Ending pension pickups is a simple, responsible way for cash-strapped school districts to free up money for the classroom.
Retirement savings come from three components: employee contributions, employer contributions and investment returns. That’s typically the standard for government employees and private-sector workers alike.
But school districts in Illinois have become an exception to that standard in two ways.
First, the employer does not pay the employer share of teacher retirements in Illinois. The state, not the school district, pays the employer portion of teacher pensions, even though teachers are employees of the local school districts and not the state.
Second, the employees often don’t pay the employee share of their own pensions either. Teachers are obligated by law to pay 9.4 percent of their salary into the retirement system. But over the years, school districts began paying, as a benefit, the teacher’s required contribution. This practice is referred to as a “pickup.” Pension pickups have become a standard in nearly two-thirds of Illinois’ school districts.
The end result is that many teachers are paying nothing toward their pensions.

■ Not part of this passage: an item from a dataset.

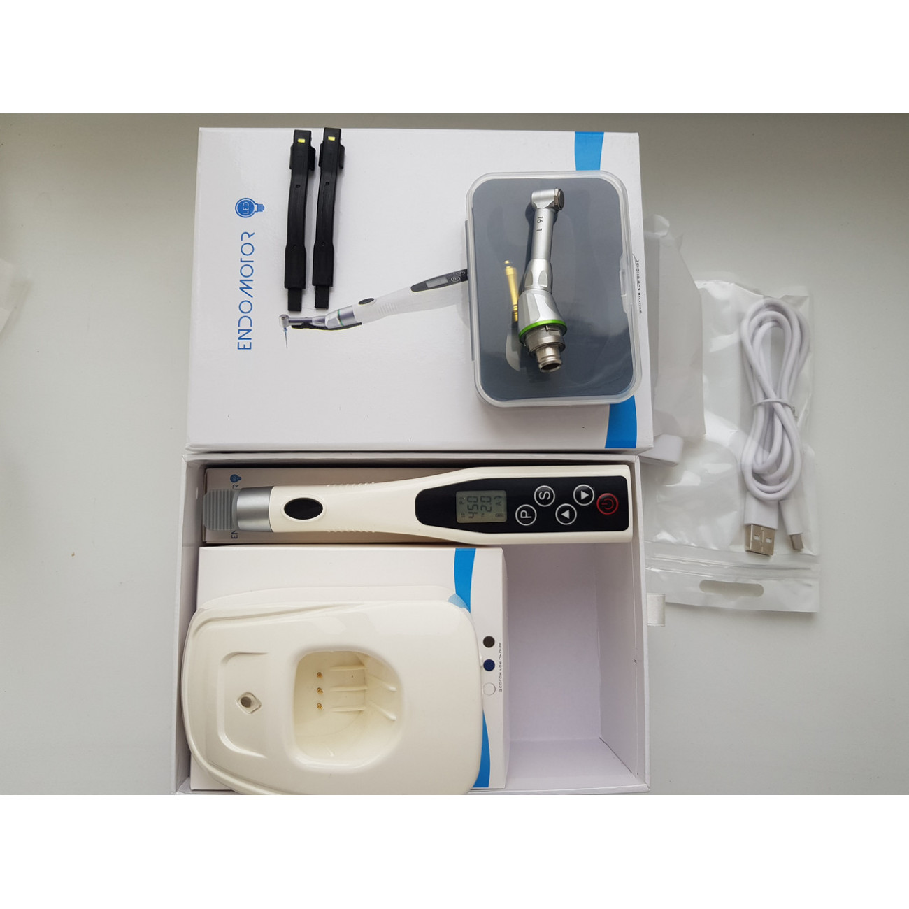 Эндомотор имеет 6 программ в том числе 2 программы для RECIPROC и MTWO и возможность перепрограммирования для создания собственных комбинированных методик работы, меняя скорость и торк. После отключения питания сохраняются последние установки.
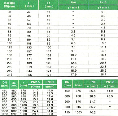 90°弯头主要连接尺寸(连接方式、热熔对焊)

Taxpayers make the employer contribution through sales and income taxes and taxpayers pay the employee share through local property taxes and other fees.
Every year, the Illinois State Board of Education compiles its annual “Illinois Teacher Salary Study” by asking a series of questions directly to each school district, one if which is whether the district picks up the teacher’s share of the 9.4 percent employee pension contribution.
Below are the most recent results from that survey.
Click here to download the complete data set.
Almost two-thirds of school-district boards self-reported paying some or all of the teachers’ required contribution. Boards at 54 percent of elementary districts pay some or all of the teachers’ required contribution, while secondary and unit districts reported 57 and 75 percent, respectively.
In contrast, 289 school districts reported they do not pay any of their teachers’ share.
According to a 2012 Illinois Policy Institute report, requiring school districts – instead of the state – to pay the employer share of pensions for their employees would save the state more than $1 billion annually. The savings at the state level would increase costs for districts by an average of just 3.7 percent of total expenditures. But these increased costs could be significantly reduced or eliminated if school districts end the practice of paying the teachers’ portion of pension contributions. At the time of the original 2012 report, 482 school districts would see a net savings by paying the employer share while offsetting the cost by ending teacher pickups.
Cash-strapped school districts across the state should consider ending teacher pension pickups. Ending teacher pickups is a simple, responsible way for school districts to free up money for the classroom. It’s not out of line to ask employees to pay their share of the costs associated with their own retirement benefits. That’s a simple standard across most industries, public and private.